From the point of view of this blog, NMR software is completely different. It has been in circulation before the advent of personal computers, before GUIs, before Windows. The users of NMR software not only should be experts by definition but are expected to be versed in science. I actually believe that they are the main cause why NMR software often sucks, with a good reason: they resist to changes. After you have worked for a year or more with a program driven by the command line, your fingers have learned to type the commands even when they are disconnected from your consciousness. If you switch to a menu-driven interface all your ability is wasted and, what's worse, you'll spend hours seeking the command you need inside all the menus. Even after they have learned to survive into a graphic environment, spectroscopists have written to me that they don't like simple programs just because they hide the complexities. Just like Platt's programmers, they "value control more than ease of use".

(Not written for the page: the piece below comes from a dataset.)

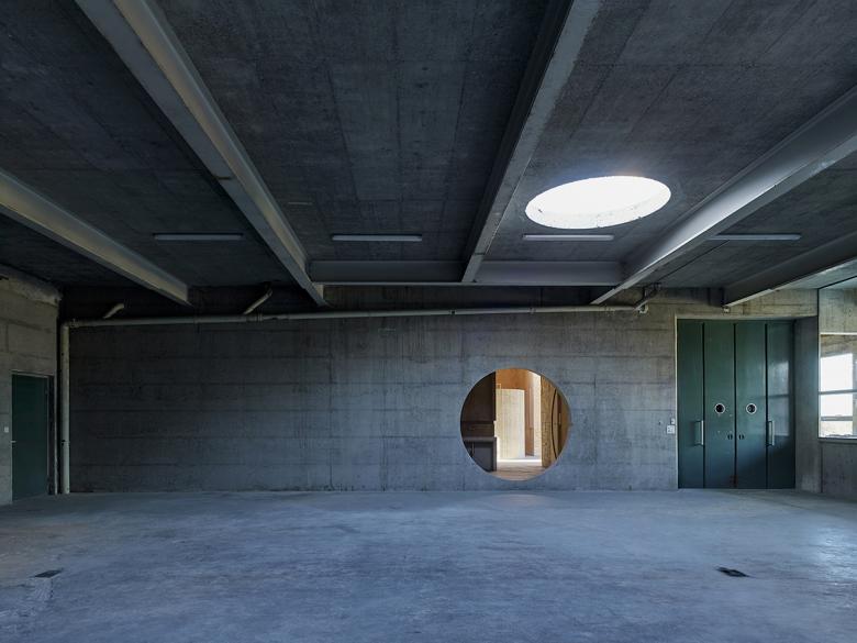 Innenwände werden entfernt oder mit Öffnungen versehen. Sind diese im Sommer geöffnet, entsteht ein grosser mäandrierender Gesamtraum. Die Halle des ehemaligen Ladens beinhaltet Raummöbel mit Bad, WC, Schränken und Gästezimmer, welche Raumnischen ausbilden und den Gesamtraum in einen Wohn- und Atelierbereich unterteilen.

I am convinced that even the cleverest user benefits from a simple interface. Most of the software contains the double of menu items and the triple of icons than the strictly necessary and this is bad. I have always suspected that behind this abundance of interface elements there is a marketing strategy. When you buy a book, you accept an higher price when the book contains a lot of pages, when you buy a program you accept an higher price when there are ten modes, each one embellished by three rows of icons. Awake! I don't remember how to use the software I myself wrote 12 months ago: why should the user? A program is less valuable the more interface elements it has and the more it takes to read the manual, not the other way round. The ideal program contains no unused commands.
The making of a great software requires a prolonged interaction between the user and the programmer and both should be ready to change their minds often and to experiment new ways of doing things, even when they seem bizarre at first sight. In the real life, in the long term, we privilege the objects with a simple, minimal interface.